Elderly patients. The studies involved 4 elderly patients over 75 years of age. AUC was increased by ≥30% in men and 50% in women compared with younger patients. This is partly explained by reduced body weight, 26% in men and 23% in women of normal body weight. In studies in elderly patients, the renal clearance of lacosamide was slightly reduced.
Vimpat tablets 100 mg 14 pcs. in St. Petersburg
Lacosamide should be used cautiously in combination with drugs that cause a prolongation of the PR interval (for example, carbamazepine, lamotrigine, pregabalin) and in patients receiving class I antiarrhythmic drugs. However, in a subgroup analysis of clinical trials, no additional prolongation of the PR interval was observed in patients who simultaneously took lacosamide in combination with carbamazepine or lamotrigine.
In vitro data
Research results indicate a low likelihood of interaction between lacosamide and other drugs. In vitro metabolism studies show that lacosamide does not induce CYP1A2, 2B6 and 2C9 isoenzymes. At the concentrations observed in the blood during clinical studies, lacosamide did not inhibit CYP1A1, 1A2, 2A6, 2B6, 2C8, 2C9, 2D6 and 2E1 isoenzymes. In vitro studies indicate that lacosamide is not transported by P-glycoprotein in the intestine. In vitro data
show that the isoenzymes CYP2C9, CYP2C19 and CYP3A4 are capable of catalyzing the formation of O-desmethyl metabolite.
In vivo data
Clinical data indicate that lacosamide does not inhibit or induce CYP2C19 and 3A4 isoenzymes to clinically significant levels. Lacosamide had no effect on the AUC of midazolam (metabolized via the CYP3A4 isoenzyme, at a dosage of lacosamide 200 mg 2 times a day), but the Cmax of midazolam was slightly increased (30%). Lacosamide does not affect the pharmacokinetics of omeprazole (metabolized through isoenzymes CYP2C19 and 3A4, at a dosage of lacosamide 300 mg 2 times a day).
Omeprazole, an inhibitor of the CYP2C19 isoenzyme (40 mg 4 times a day), did not significantly increase the exposure of lacosamide to a clinically significant extent. Thus, it is unlikely that moderate inhibitors of the CYP2C19 isoenzyme can affect the systemic exposure of lacosamide to a clinically significant level.
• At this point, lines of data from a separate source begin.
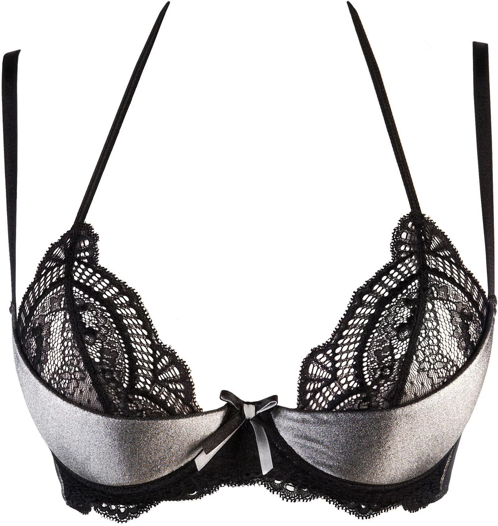 Zajímavá podprsenka V-9481 překvapí magnetizujícím stříbrným leskem látky na košíčcích. Ideální, pokud hledáte oslnivé a jedinečné spodní prádlo. Černé a stříbrné mašle dodávají šatům nádech sofistikovanosti a elegance. Model se zavazuje za krkem a má neodnímatelná ramínka. Standardní nastavení.
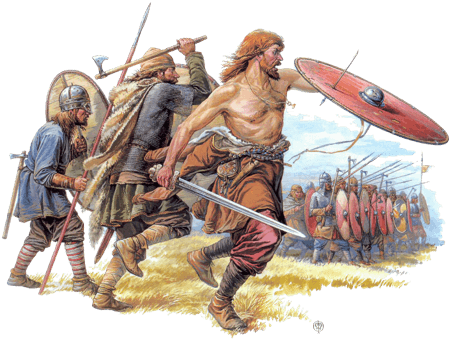 Not less terrifying was the appearance and rapid movement of the naked warriors in the van, which indicated men in the prime of their strength and beauty: while all the warriors in the front ranks were richly adorned with gold necklaces and bracelets. (Polybius)
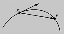 Consider a fixed point X and a moving point P on a curve. As point P moves toward X, the vector from X to P approaches the tangent vector at X. The line that contains the tangent vector is the tangent line.
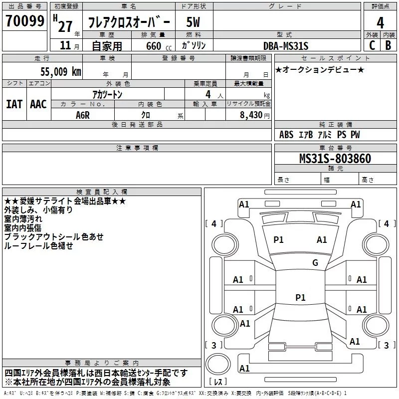 Mazda FLAIR CROSSOVER с аукциона Японии TAA Shikoku лот № 70099
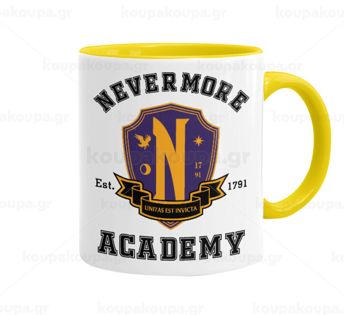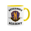 Wednesday Nevermore Academy University, Mug colored yellow, ceramic, 330ml
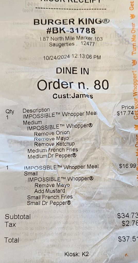 This kind of greed-flation and shrinkflation coupled with the fact that the Impossible Burger I got from Burger King is a tepid imposter to the Beyond Burger I make myself at home has created a situation where I’m only going to BK when I have no other choice.
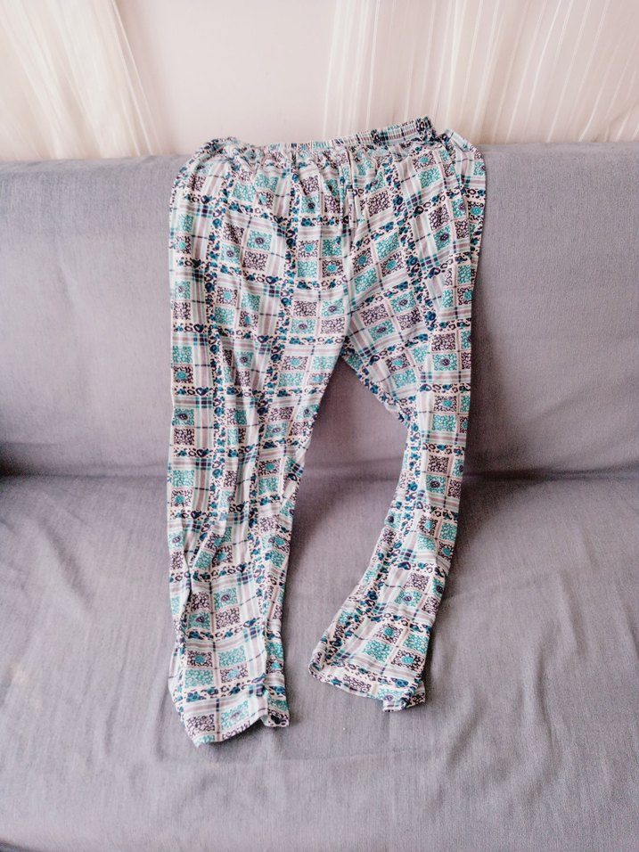 Bohem tarzda, çok renkli pastel tie-dye desenli, bol kesim, midi uzunlukta ve pliseli kadın pantolonu. Yumuşak sentetik kumaştan üretilmiştir.
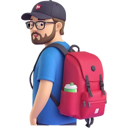 adventurer with backpack, small beard, glasses and backwards baseball cap emoji
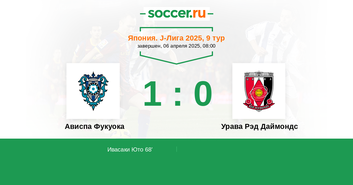 Протокол матча Ависпа Фукуока против Урава Рэд Даймондс
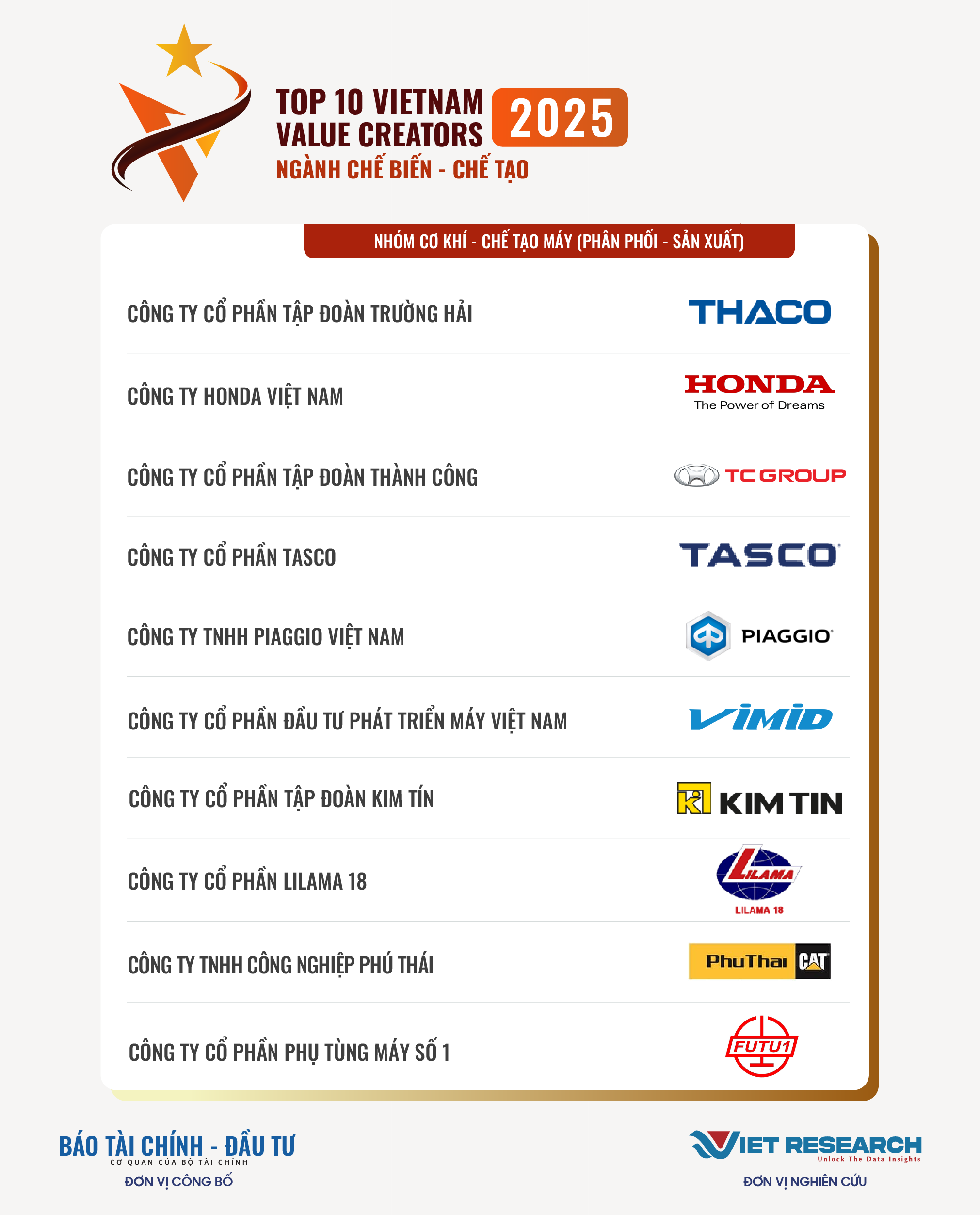Viet Research phối hợp với Báo Tài chính – Đầu tư (Bộ Tài chính) công bố Top 10 Doanh nghiệp tạo giá trị hàng đầu Việt Nam 2025 – Ngành Chế biến – Chế tạo.

Caution should be exercised during simultaneous use with potent inhibitors of the CYP2C19 isoenzyme (for example, fluconazole) and the CYP3A4 isoenzyme (for example, itraconazole, ketoconazole, ritonavir, clarithromycin), which may lead to an increase in the systemic exposure of lacosamide. These interactions have not been demonstrated in vivo
, but are possible based on
in vitro data.
Potent inducers of liver microsomal enzymes, such as rifampicin or St. John's wort (Hypericum perforatum), may cause a moderate decrease in systemic concentrations of lacosamide. In this regard, caution should be exercised when prescribing or discontinuing such drugs.
Antiepileptic drugs
In interaction studies, lacosamide did not have a significant effect on plasma concentrations of carbamazepine and valproic acid. Carbamazepine and valproic acid had no effect on lacosamide plasma concentrations. A population pharmacokinetic analysis proved that concomitant therapy with antiepileptic drugs that induce microsomal liver enzymes (carbamazepine, phenytoin, phenobarbital in various doses) reduced the total systemic exposure of lacosamide by 25%.
Oral contraceptives
There were no signs of significant interaction between lacosamide and oral contraceptives: ethinyl estradiol and levonorgestrel. Lacosamide has no effect on progesterone concentrations.
Other interactions
Lacosamide does not affect the pharmacokinetics of digoxin. No clinically significant interaction between lacosamide and metformin has been identified. There is no data on the interaction of lacosamide with alcohol. The degree of binding of lacosamide to plasma proteins is less than 15%. In this regard, clinically significant interaction with other drugs that bind to plasma proteins is unlikely.